Bigger companies are the main targets for hackers when it comes to data breaches. After all, where else do you get millions of users for private information? How else do you get to appear on Google’s first page? That’s why we’ve seen a host of major companies becoming victims of data breaches. Equifax, Yahoo, Uber, Alteryx, Dun & Bradstreet; these are some of the highest-profile victims who suffered in 2017 from the wrath of data breaches.

But it doesn’t mean that smaller businesses don’t have to worry about data breaches. Indeed they should be even more worried. 90 percent of the breaches are impacting small businesses, according to a study. This is because best security procedures of these organizations are insufficient. The smaller companies will take every step to prevent these violations as they pose a threat to their very life.

4. Man in the Middle ( MITM ) Attack

Recall Harry Caul from the film The Conversation (1974)? Neither me but he was a bugger’s hell. So good that he was named “the best bugger on the west coast.” Everything has changed from 1974 to 2017 and so have the “bugging” techniques. A MITM attack is the latest form of wiretapping, without the use of wires (spooky).

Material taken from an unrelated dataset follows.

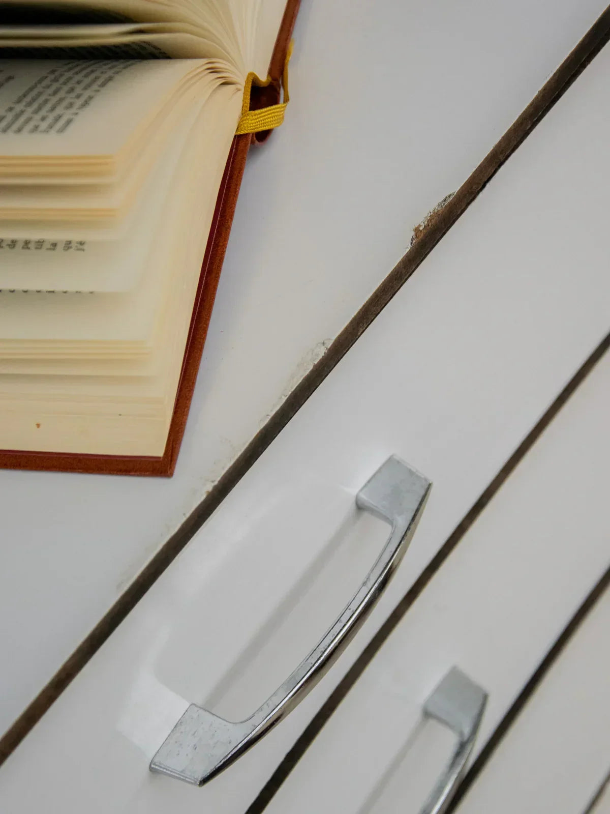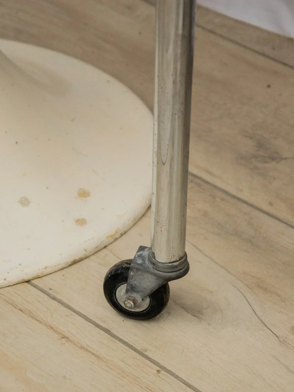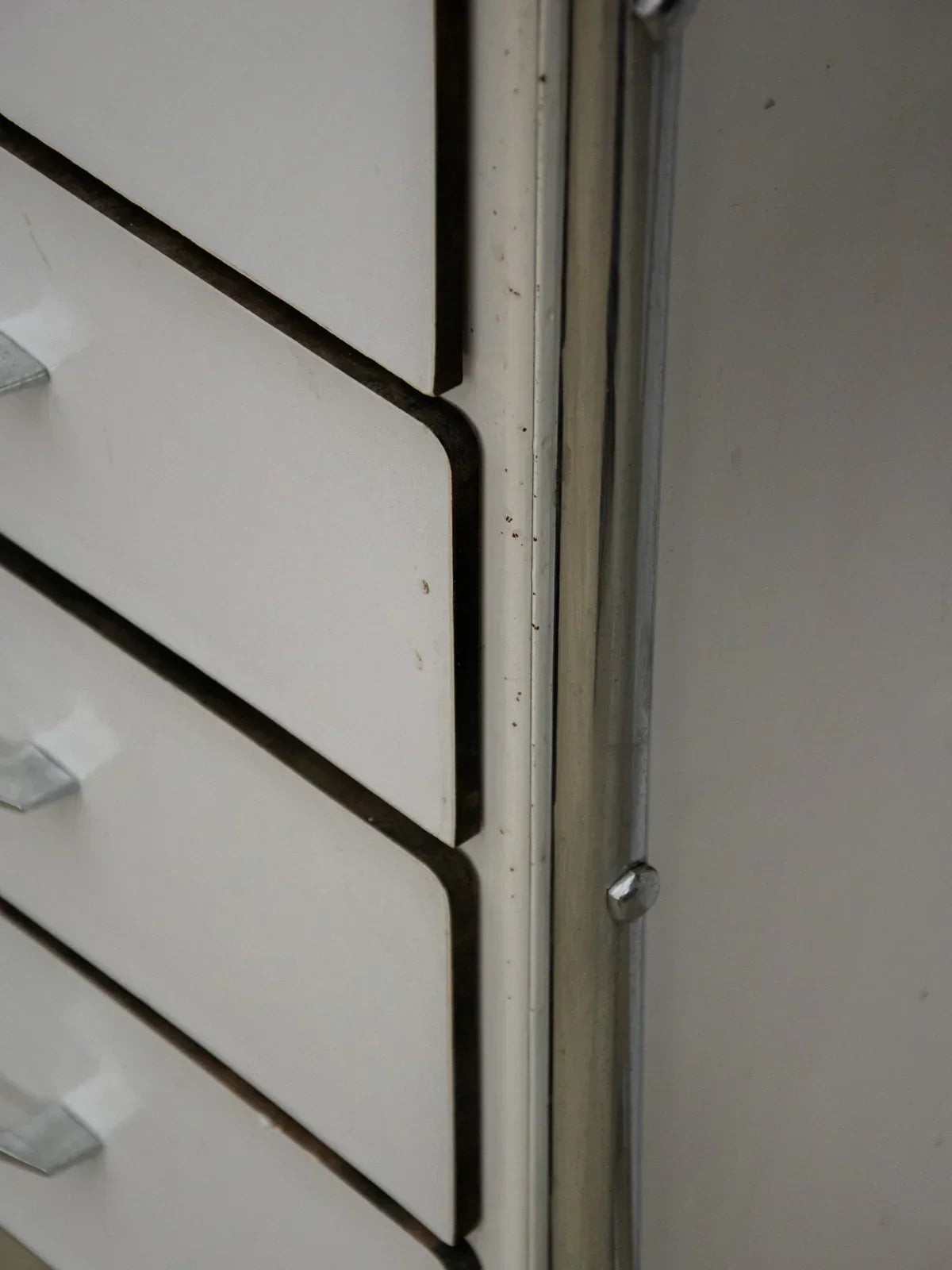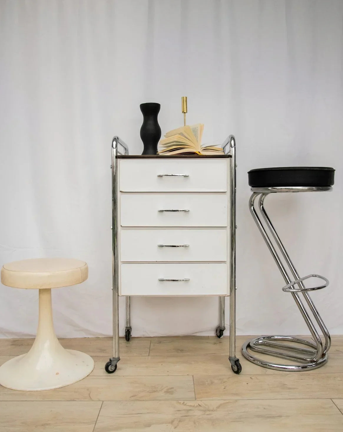 Offrez une commode blanche à quatre tiroirs, associant un esprit contemporain à des montants et poignées chromées qui apportent une élégante note métallique. Montée sur roulettes, elle propose un rangement modulable pour une entrée, un bureau ou une chambre, son plateau large accueillant objets du quotidien. De petits éclats sont visibles sur l'arête avant et arrière ainsi qu'un tiroir, et les roulettes glissent difficilement du fait de son poids. Quelques marques d'usage qui font son authenticité.

As you can see on our website, at the front of our URL is a safe sign with our company name written on it. That means your system is currently talking to our servers and no one is in between as we have installed an SSL / TLS certificate on our website. If a perpetrator wants to execute an MITM attack between us, he / she would establish a connection with your system and make you think you’re talking to us, but that’s not going to happen. Any information that you send to our website will therefore come through the attacker and he / she will be able to see all the information you send.

5. Denial-of – Service attack (DoS)

Denial-of – Service is the new ‘buried under the paperwork.’ We’ve seen episodes in legal dramas in which one party sends out a lot of paperwork to slow down the other. In the age of today, one sends a massive amount of traffic to the website of a rival to the degree that the website can not accommodate such traffic and eventually gets crashed. There are other forms of DoS attacks, such as reflective attacks and resource depletion, but on a broader basis volumetric-floods (Traffic-based) are used.

Needless to say, this will hurt you both in terms of your credibility and earnings.

We recommend setting up a Next-Generation Firewall as the first line of defense if you don’t want to put up ‘Sorry, we’re closed’ poster on your website.

There’s anything possible in today’s era of cut-throat competition!

Last Word

Cyber Protection is a lot like riding a bike. You have to watch what’s in front of you, what’s in front of you, what’s behind you, and keep peddling at the same time so the bike doesn’t slow and you don’t fall over.